For on display were the skills of several daring ladies who had the courage to accept one of the toughest challenges in aviation -- a gruelling 900 nautical mile air race without sophisticated navigation aids.
The gruelling race was Air Race India 2003, which was held over the last three days across the country to mark the centenary of aviation.
A total of 43 aircraft of different makes, styles and colours took off from three points in the country -- Goa in west zone, Kolkata in east zone and Bangalore in south zone -- to converge simultaneously at Nagpur on Saturday.
Originally, there were to be four legs to the race, but the one from Chandigarh to Nagpur had to be cancelled at the last moment because of inclement weather.
So aviation lovers had to make do with 43 aircraft. A total of 51 teams had registered for participation.
Though the aircraft zooming in confidently to make the final touchdown attracted a lot of attention, the limelight was squarely focussed on the women.
These were 15 girl cadets from various air squadrons of the National Cadet Corps. These girls along with 15 boy cadets participated in the race as co-pilots -- each one navigating for the pilot during one stage of the race.
So there were ten cadets on each leg from Goa, Kolkata and Bangalore -- five girls and five boys.
The feat is incredible because most girls are barely out of their teens, some as young as 19.
For Bangalore's Prashanthi Menon it was an experience to remember for a lifetime.
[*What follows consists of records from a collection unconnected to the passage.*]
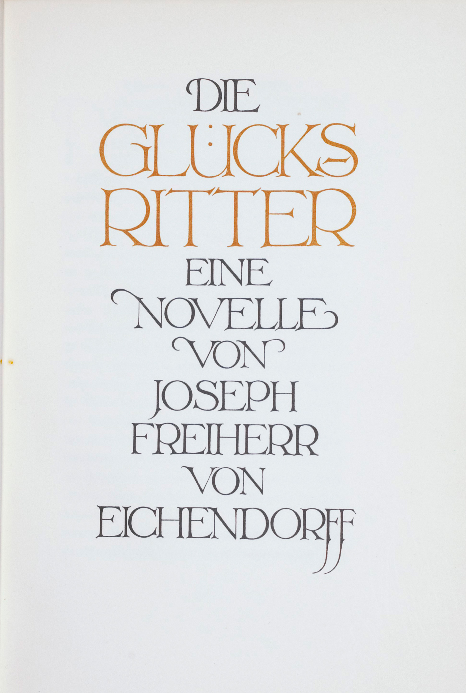 Insel-Verlag. - Eichendorff, Joseph von. Die Glücksritter. Eine Novelle. 75 S., 2 Bl. 23,5 x 15,5 cm. OPergament (schwach berieben) mit goldgeprägtem RTitel und ornamentaler Deckelvignette sowie KGoldschnitt. Leipzig, Insel, 1911.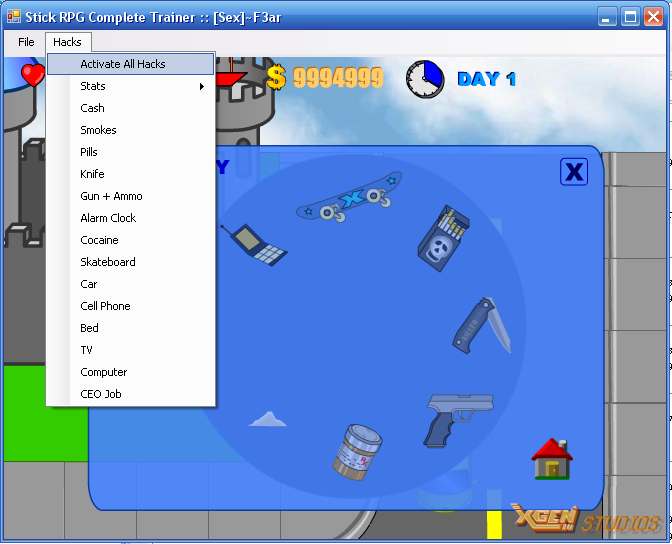 Hacks: Health, Karma, Money, CEO Job, Car, Gun + Ammo, Charm, Intelligence, Computer, TV, Bed, Cellphone, Skateboard, Cocaine, Alarm Clock, Knife, and Pills.
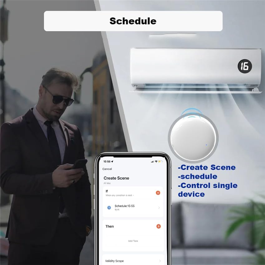 【Schedule】 Create Scene in the App, use schedule function to turn on/off your AC,TV automatically;Open the App-click scene-create scene-click schedule;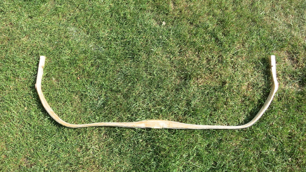 So, habe jetzt gefeilt, geschliffen und mit der Ziehklinge abgezogen und nun beschlossen: mehr trau ich mich nicht abnehmen. Da ich das Horn rund abgeschliffen habe, kann ich am Rand erkennen, wann ich auf das Holz stoße, und das ist nun an mehreren Stellen der Fall. Der Bogen ist nun um ~ 30 g leichter und wiegt 473 g.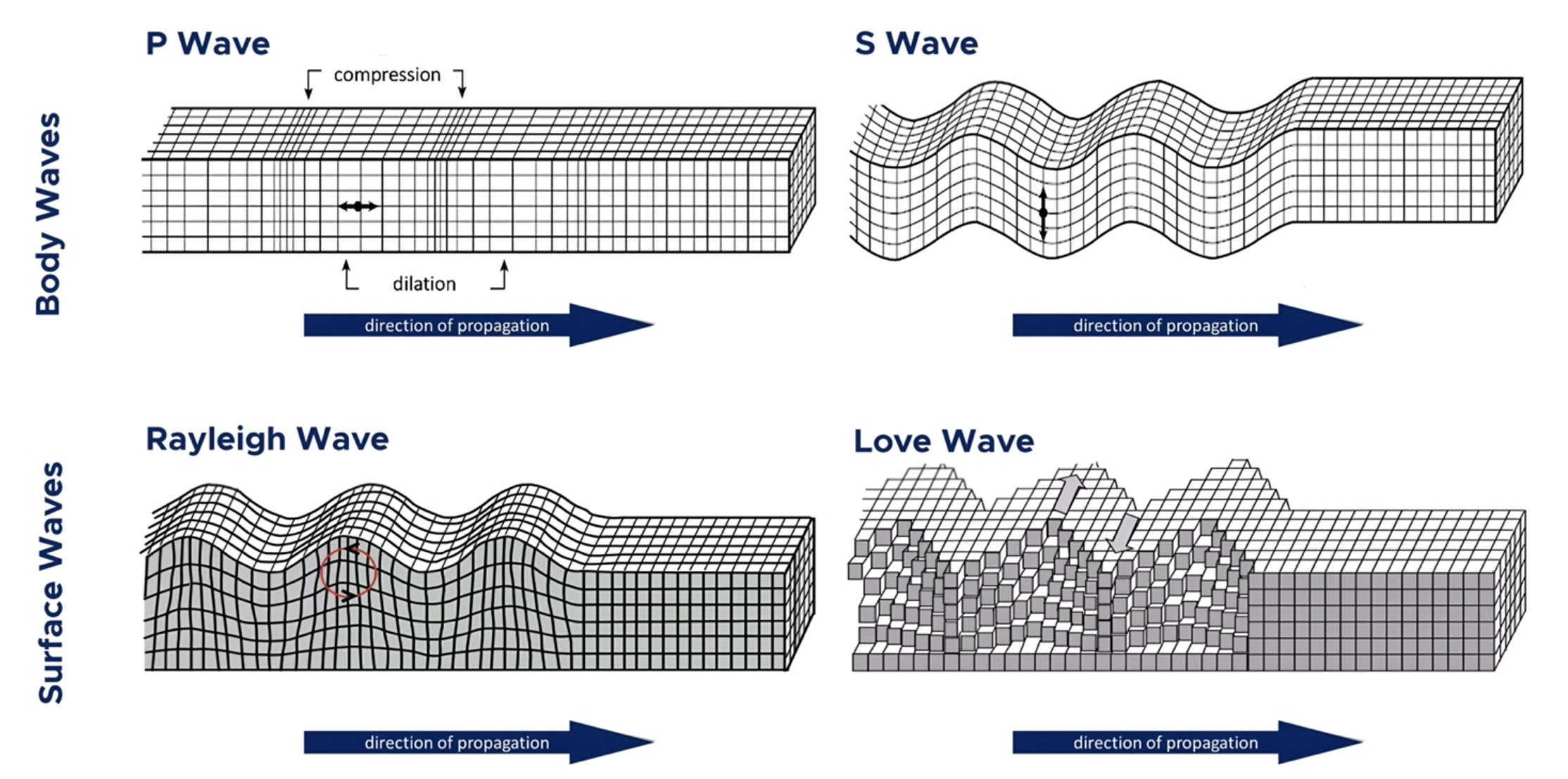 A practical engineer of Dublin and later of London, Mallet discussed earthquake waves in classical mechanics by drawing parallels between the earthquake waves and sound waves. His experiments and discoveries made a significant contribution to this field, inspiring future thinkers, such as Richard Oldham (1858–1936), who was the first to provide clear evidence for P-waves, S-waves, and surface waves in earthquakes in his landmark 1906 report on the 1897 Assam, India, earthquake (Oldham, 1906). Others would also designate new kinds of seismic waves: In 1855, Lord Rayleigh (1855), predicted the existence of surface waves that roll along the ground,; in 1911, Augustus Edward Hough Love (1911) demonstrated the existence of certain surface seismic waves, that cause horizontal shifting of the earth during an earthquake in 1911. All these wave patterns are shown in Figure 7.

From the 8 Karnataka Air Squadron of the NCC, Prashanti was the co-pilot of Captain Anup Kumar Nair. A commerce graduate, she plans to join the Indian Air Force.
Smita Patil of Belgaum, who was co-pilot to Wing Commander T S Chauhan, was bubbling with joy on completing the race. Like Prashanti, she too belongs to the 8 Karnataka Air Squadron.
Prashanthi and Smita were among the ten NCC cadets with at least 100 hours of flying experience.
Air Commodore M S Jauhar, Deputy Director General of NCC, said the cadets were put through a stringent selection process for entry. The NCC, he said, had entered three aircraft -- all Zen Air micro lights, in each leg.
But the icing in the cake for the women participating in the race was Audrey Maben. Flying solo from Bangalore to Nagpur in an X-Air-F aircraft manufactured by the Bangalore-base Raj Hamsa, Maben said, "The experience has made me a better pilot."
The dark, lanky and obviously happy Maben said, "It was entirely my show -- planning, execution and decisions in mid-air were all mine."
Audrey had about 125 hours of flying experience before the race, including five hours of solo, which she did for her flying licence. The race has been a once-in-a-lifetime experience for the lady who teaches power gliding at Bangalore Aerosports.
Audrey had a scare on the first stage (Arakkonam to Cudappa) of the south leg itself when she ran out of fuel due to trouble in the main fuel tank of her aircraft. But the spunky lady managed to reach her destination.
She also encountered some bad weather on one of the stages, but kept her cool and came through with flying colours.
"The last three days have been very interesting. It was a great opportunity to learn," the proud Maben said.